The piece profiles a few prospective buyers and renters who chose to look elsewhere after spotting, say, a homeless person looking for cash outside a building they were considering, or a shirtless man passed out in front. One single woman looking at a walk-up in Hell's Kitchen eventually opted to rent in a doorman building; another, a pair of brothers in their 20s, passed on purchasing on West 25th Street over concerns about one of their girlfriends walking home at night.

Hey, it's your money, rent where your heart and bank account takes you. You can care about combating homelessness while still reasonably fearing a stranger who followed you into your building—though, as a spokesperson for Coalition for the Homeless pointed out, homeless people actually "tend to be victims of crime rather than perpetrators."

It is, however, quite hard to be sympathetic to the plight of the real estate broker who is struggling to sell to folks in SoBro.

There are a number of factors that contribute to homelessness—mental illness, chronic illness, drug addiction, job loss, disability, and family tragedy, to name a few—but in New York City, affordable housing is the central issue. Homelessness experts and advocates have pinpointed the start of the city's homelessness spike to 2005, when the Bloomberg administration stopped giving priority referrals for federal housing programs to homeless children and families; eventually, the administration killed housing assistance for homeless families altogether, and the homeless and shelter population soared.

That might not be the real estate lobby's fault, but it goes without saying that the gentrification they love so much has priced out families, pushing many into homelessness.
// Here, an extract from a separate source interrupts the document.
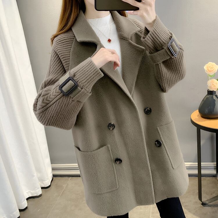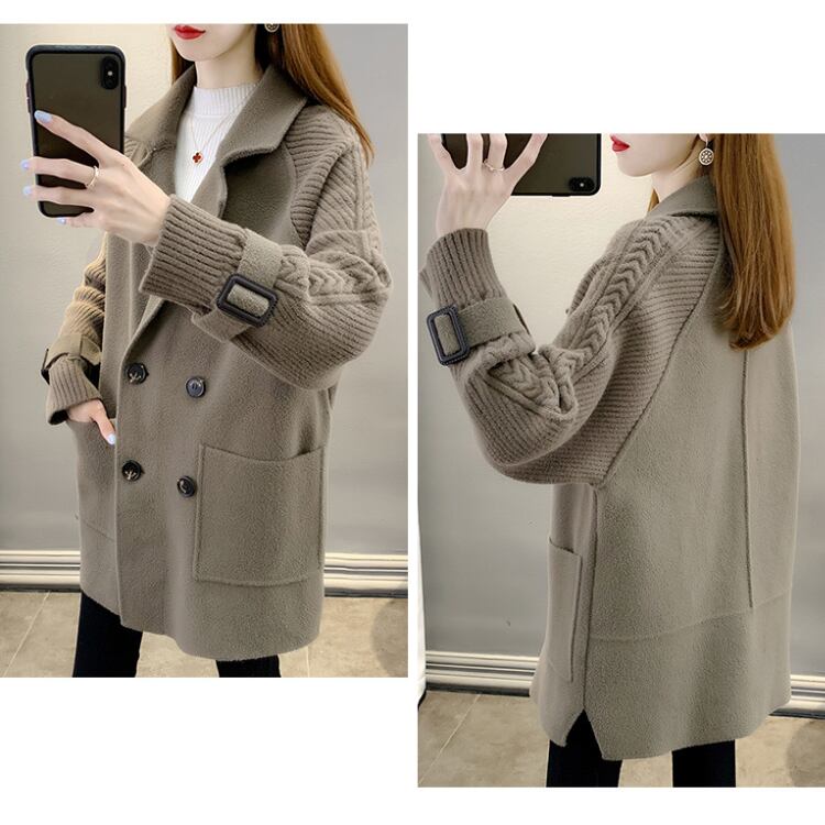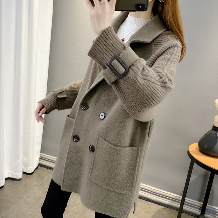 レディースコート 異素材切替 ダブルボタン 中厚手 ミディアム丈 ゆったり 韓国風アウターA10034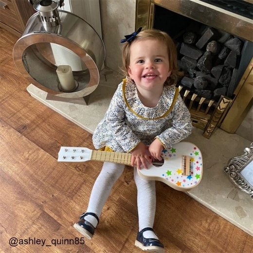 Il corpo in legno robusto e la vistosa stampa a stelline assicurano lunga durata ed entusiasmo per i piccoli musicisti.

We can argue endlessly about whether or not gentrification is all bad—perhaps the longterm effects remain to be seen, maybe not. What we do know, though, is that real estate agents have knowingly rebranded neighborhoods and helped to push rents up faster than the cost of inflation, leaving the city full of people who can freak out the lucky few simply by being "shirtless."

Real estate brokers are the foot soldiers of the largest, most powerful lobby in NYC and NY State, and now some of them have the nerve to whine about people who can't afford the obscene cost of shelter—which their very industry has engendered? The field of nanotechnology has yet to design a violin small enough to soundtrack their struggles.